The team, led by Dr. Alexander Braczkowski from the Griffith University Centre for Planetary Health and Food Security, filmed the two lions — Jacob and Tibu — on their night swim across Uganda’s Kazinga Channel using drones equipped with high-definition heat detection cameras, a press release from Griffith University said. The Uganda Wildlife Authority supervised the team’s work.

“Jacob has had the most incredible journey and really is a cat with nine lives,” Braczkowski said in the press release.

Jacob is a 10-year-old local icon famous for surviving multiple life-threatening events, one of which resulted in an amputated leg.

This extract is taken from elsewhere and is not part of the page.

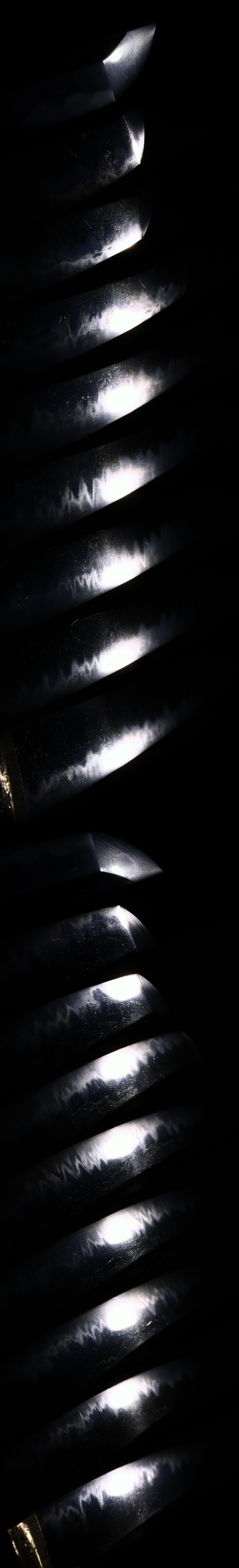 Jigane:Well-forged itame-hada with visible grain, fine ji-nie, and visible utsuri.

“I’d bet all my belongings that we are looking at Africa’s most resilient lion: he has been gored by a buffalo, his family was poisoned for lion body part trade, he was caught in a poacher’s snare, and finally lost his leg in another attempted poaching incident where he was caught in a steel trap,” Braczkowski said. “The fact that he and his brother Tibu have managed to survive as long as they have in a national park that has experienced significant human pressures and high poaching rates is a feat in itself – our science has shown this population has nearly halved in just 5 years.”

Braczkowski said the female lions in the park had been especially impacted, The Guardian reported.

Previously reported swims by lions in Africa have been from roughly 10 to 200 meters in length. Some of them ended in the lions being killed by crocodiles, the press release said.

“His swim, across a channel filled with high densities of hippos and crocodiles, is a record-breaker and is a truly amazing show of resilience in the face of such risk,” Braczkowski said in the press release.

So why did Jacob and Tibu undertake this long and perilous swim at night?

“It’s likely the brothers were looking for females. Competition for lionesses in the park is fierce and they lost a fight for female affection in the hours leading up to the swim, so it’s likely the duo mounted the risky journey to get to the females on the other side of the channel,” Braczkowski explained. “There is a small connecting bridge to the other side but the presence of people was probably a deterrent for them.”

Braczkowski said it was “just sad” that the lions were being pressured by humans in this way, reported The Guardian.

“This population is skewing two males to one female and that’s the reason we suspect these lions have swum across the Kazinga Channel – because they’re searching for females,” Braczkowski said, as The Guardian reported.

Braczkowski, the current scientific director of the Volcanoes Safaris Partnership Trust’s Kyambura Lion Project, has been conducting a long-term study of predators in Queen Elizabeth National Park and several other national parks in Uganda, the press release said.

Since 2017, Braczkowski has been building scientific capacity in the Ugandan government’s wildlife department to census predators like lions.

“Jacob and Tibu’s big swim is another important example that some of our most beloved wildlife species are having to make tough decisions just to find homes and mates in a human-dominated world,” Braczkowski said in the press release.

The research paper, “Long-distance swimming by African lions in Uganda,” was published in the journal Ecology and Evolution.